According to Lifehacker Liz Russell, a senior tax agent at Etax.com.au, said it’s important for traders to understand the ATO sees cryptocurrencies as property and not currencies. This means gains made from selling crypto are to be included as capital gains tax, which also applies to real estate and shares.

The ATO has also clarified that if a cryptocurrency is held for over a year, then the Australian taxpayer who holds it may get a discount of 50% on the capital gains tax. Russell added:

Let’s say you originally bought AUD 5,000 worth of XEM. If you later traded it for fiat currency of AUD 8,500, then the AUD 3,500 in profit is considered a capital gain, and you’ll need to add it to your assessable income for the financial year – much like you would any gains you make the sale of shares or an investment property.

Per Russell, the ATO is reportedly “doubling down with its data-matching technology” to make sure cryptocurrency traders pay taxes related to their gains, but exempts crypto assets worth less than AUD $10,000 as these are considered an asset for enjoyment or personal use.

Declaring Losses

This year the cryptocurrency market saw a significant decline, with BTC, the flagship cryptocurrency, going form a near $20,000 all-time high to a $3,200 low before starting to recover.

As such, Russell noted some may end up having to declare losses, which may help them reduce tax liability.

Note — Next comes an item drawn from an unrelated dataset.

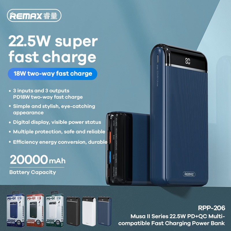 Giới thiệu Pin sạc dự phòng Remax RPP-206 20000mAh 3 Inputs 3 Outputs TypeC PD18W USB 22.5W - Hãng phân phối

The tax agent was quoted as saying:

For example if you made a $3,000 loss on the sale of cryptocurrency but a $4,000 gain on the sale of shares, your net capital gain would be the $4,000 gain minus the $3,000 loss, equalling a $1,000 capital gain.

ATO To Enforce KYC While Eyeing Crypto-Trading Gains

Reportedly, the ATO is also making it mandatory for cryptocurrency exchanges operating in Australia to verify the identity of its customers, and to report suspicious transactions that go over the AUD $10,000 limit.

Per Lifehacker’s report, an ATO spokesperson was quoted as saying:

While there is no specific label on the capital gains schedule or income tax return to identify how many people have invested in cryptocurrency we are still looking at lodgement activity this year to determine any significant impact of cryptocurrencies.

The spokesperson added, however, that through its advice and community channel areas it has received an “increase in questions relating to tax obligations of cryptocurrency activity.” Per the spokesperson, the tax agency sees this as a “positive in people wanting to do the right thing in meeting their obligations.”